Next on the gluten-free menu: green banana pasta?
Alternatively, pastas made with rice, corn or quinoa flours are safe options for people with celiac disease or other types of gluten intolerance. (Aizar Raldes, AFP/Getty Images)
Researchers from Brazil found most people with and without the intestinal condition — which interferes with the body's ability to process certain grains — liked the taste and texture of the alternative dinner option.
In people with celiac disease, which includes about one percent of Americans, the immune system reacts to gluten, a protein found in wheat, barley and rye. Eating foods with gluten damages the small intestine and keeps it from absorbing nutrients.
The only treatment for celiac disease is to go on a strict gluten-free diet, which means avoiding traditional breads, cereals and pastas.
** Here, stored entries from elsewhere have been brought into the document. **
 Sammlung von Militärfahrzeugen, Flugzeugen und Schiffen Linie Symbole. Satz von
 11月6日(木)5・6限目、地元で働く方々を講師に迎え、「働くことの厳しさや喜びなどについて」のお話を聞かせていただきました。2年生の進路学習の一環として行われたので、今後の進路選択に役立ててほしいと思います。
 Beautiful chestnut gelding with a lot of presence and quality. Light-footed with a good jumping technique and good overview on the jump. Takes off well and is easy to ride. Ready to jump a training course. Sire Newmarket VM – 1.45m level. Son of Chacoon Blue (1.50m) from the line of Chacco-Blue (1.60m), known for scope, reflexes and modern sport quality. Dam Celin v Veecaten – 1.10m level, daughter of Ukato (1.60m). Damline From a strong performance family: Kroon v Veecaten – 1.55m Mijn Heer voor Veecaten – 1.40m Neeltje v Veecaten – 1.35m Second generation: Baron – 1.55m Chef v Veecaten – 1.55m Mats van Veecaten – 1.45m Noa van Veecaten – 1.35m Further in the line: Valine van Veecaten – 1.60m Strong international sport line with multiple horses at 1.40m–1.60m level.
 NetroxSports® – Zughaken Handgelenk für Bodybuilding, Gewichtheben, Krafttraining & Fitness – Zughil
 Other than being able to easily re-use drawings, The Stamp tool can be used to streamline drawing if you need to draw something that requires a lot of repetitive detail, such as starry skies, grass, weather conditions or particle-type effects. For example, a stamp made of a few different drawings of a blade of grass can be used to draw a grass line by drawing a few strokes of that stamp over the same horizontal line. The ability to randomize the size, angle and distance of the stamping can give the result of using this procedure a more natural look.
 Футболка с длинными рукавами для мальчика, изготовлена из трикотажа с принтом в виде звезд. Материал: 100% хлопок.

Alternatively, pastas made with rice, corn or quinoa flours are safe options for people with celiac disease or other types of gluten intolerance.
But when cooked, those products tend to lose the elasticity of traditional pasta. And, they can cost a lot more.
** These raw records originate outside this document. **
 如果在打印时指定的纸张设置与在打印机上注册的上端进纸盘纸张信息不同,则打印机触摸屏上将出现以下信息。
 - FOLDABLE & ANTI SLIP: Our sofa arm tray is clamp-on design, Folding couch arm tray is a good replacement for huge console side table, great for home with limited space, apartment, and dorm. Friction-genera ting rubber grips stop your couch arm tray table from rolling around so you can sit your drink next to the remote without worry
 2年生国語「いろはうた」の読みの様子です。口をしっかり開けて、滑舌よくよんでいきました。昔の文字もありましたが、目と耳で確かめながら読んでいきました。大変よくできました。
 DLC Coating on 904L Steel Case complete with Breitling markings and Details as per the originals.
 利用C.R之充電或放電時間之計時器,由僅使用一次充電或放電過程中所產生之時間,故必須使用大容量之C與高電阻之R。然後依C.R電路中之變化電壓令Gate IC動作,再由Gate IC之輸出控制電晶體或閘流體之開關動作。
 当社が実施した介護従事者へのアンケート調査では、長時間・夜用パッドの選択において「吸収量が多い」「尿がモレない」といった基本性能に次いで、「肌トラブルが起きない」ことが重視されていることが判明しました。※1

"The challenge with gluten-free pastas is that they don't cook similarly to wheat pasta, they don't hold well," said Cynthia Kupper, a dietician and director of the Gluten Intolerance Group, a non-profit association that supports people with gluten intolerance.
She said she wouldn't serve those options at a dinner party. "It's going to either be brick-hard or mush by the time it's served. The nutritional quality is not that great either in most of these pastas."
Brazilian researchers wanted to see if pasta made with green banana flour — a cheap and easily produced alternative, they say — might be another possibility.
Raquel Botelho, a nutritionist from the University of Brasilia, and her colleagues used a test pasta made out of flour from dried ground bananas, egg whites, water and guar and xanthan gums, which add firmness and elasticity.
They fed the creation to 25 taste-testers with celiac disease and another 50 without the condition. The researchers also gave the non-celiac group a whole wheat pasta option, made from wheat flour and eggs, as a comparison meal.
More than four out of five celiac participants rated the green banana pasta as a six or higher on a nine-point scale.
That figure was lower for people who weren't gluten intolerant — about 60 percent gave the pasta a good rating. But they rated the green banana pasta the same as whole wheat pasta for flavor, aroma and appearance and liked the texture of the banana dish better, the research team reported in the Journal of the Academy of Nutrition and Dietetics.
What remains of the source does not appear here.